- Biofuels
- Policy and Regulations
- Transportation Ecosystem
- Bioenergy
Post-Pandemic Global Biofuels Markets Face Mixed Policy Signals
Global biofuels markets have stabilized after the COVID-19 pandemic led to one of the most shocking demand disturbances in history. Now policies could determine the pace of future growth. More than 80 countries have liquid biofuels blending mandates in place today. However, many countries have stalled or lowered blending mandates in response to macroeconomic uncertainty around inflation, the pandemic, rising food and fuel prices, and the war in Ukraine.
Macroeconomic Uncertainty Stalls Biofuels Support in Most Developed Markets
The US, the world’s largest ethanol producer, increased its ethanol production targets in December 2022 from 15 billion gallons in 2023 to 15.25 billion gallons for both 2024 and 2025. Moreover, the Inflation Reduction Act extended existing biofuels Production Tax Credits through 2024. However, while incentives for EVs are increasing, current policies for biofuels offer little certainty beyond 2025.
In Brazil, the world’s second-largest ethanol producer, the ethanol blending mandate sits at a much higher rate of 27%. The RenovaBio policy mandated a 15% biodiesel blend by 2023, but that target was lowered to 10% in 2022 due to supply and price concerns, then brought back up to 12% in April 2023. Colombia also delayed implementing biofuels policies because of high feedstock prices; in 2022, it decreased its ethanol blending mandate to 6% and its biodiesel mandate to 10%. On the other hand, Argentina, which initiated a 12% ethanol blending mandate and a 5% biodiesel mandate in August 2021, further increased its biodiesel mandate to 7.5% in June 2022.
In Europe, the EU wants 14% of its transportation sector on renewables by 2030, including a minimum share of 3.5% advanced biofuels. However, the legislation includes credits for public charging stations when renewable electricity is supplied to EVs, which could reduce the market share for biofuels. At the member state level, Finland stalled its blending targets in response to rising prices, slashing its biofuels mandates for 2022-23 from 19.5% to 12% in April 2022. The EU also imposes restrictions on the share of biofuels and bioliquids produced from food and feed crops.

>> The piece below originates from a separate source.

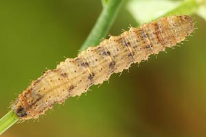 1-2: vorletztes Stadium, Deutschland, Thüringen, Maua bei Jena, Wiese am Waldrand, an Labkraut (Galium spec.), leg. 20. August 2008 (Studiofotos am 29. August und 23. September 2008: Heidrun Melzer), cult. & det. Heidrun Melzer
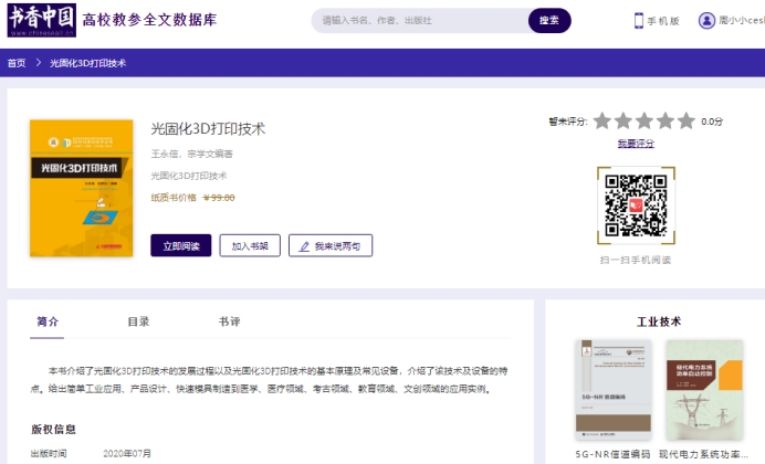 “365电子娱乐官方网站高校教参库”是A股上市公司中文在线(股票代码300364)特别为365电子娱乐官方网站推出的“集阅读、学习、互动于一体的互联网阅读创新数字图书馆”服务,为满足高校数字内容需求,中文在线高校教参全文数据库专注于提供数字版权的专业经典教材和高校指定教参,是学科导向型教参数据库。

E20 Gains Traction in Asia Pacific
Asia Pacific is one of the most promising markets for bioenergy in the next 5 to 10 years, in terms of both production and consumption. In February 2023, India began offering fuel blended with 20% ethanol, known as E20 fuel, to combat pollution. Although the technology is still unproven, this “second-generation” ethanol—produced from biomass such as rice straw—could help India reach its ethanol blending goal of 20% by 2025, which was accelerated from an original 2030 target.
The Philippines is also considering adopting the use of E20, which would double the country’s current E10 mandate. The move is meant to allow ethanol made from sugarcane and molasses to replace imports of refined petroleum products, which account for approximately 70% of the country’s gasoline pool.
Indonesia plans to introduce a 40% biodiesel blending mandate but has delayed implementing it due to rising prices. In 2017, China announced plans to implement a 10% ethanol blending mandate starting in 2020; however, the country backtracked amid criticism over competition with food and has lately favored policies supporting EVs over biofuels.
Growing policy support for biofuels in the Asia Pacific region should drive further growth beyond 2030. Guidehouse Insights’ latest Market Data: Bioenergy Production and Utilization Market report forecasts biofuels production in Asia Pacific will grow at a compound annual growth rate of 9.4% between 2022 and 2031, with ethanol leading the way, followed closely by renewable diesel and biodiesel. The region also stands to emerge as a clear leader in using biomass for power generation, as well as a leader in biogas production, which is forecast to increase sevenfold in Asia Pacific in the next 10 years.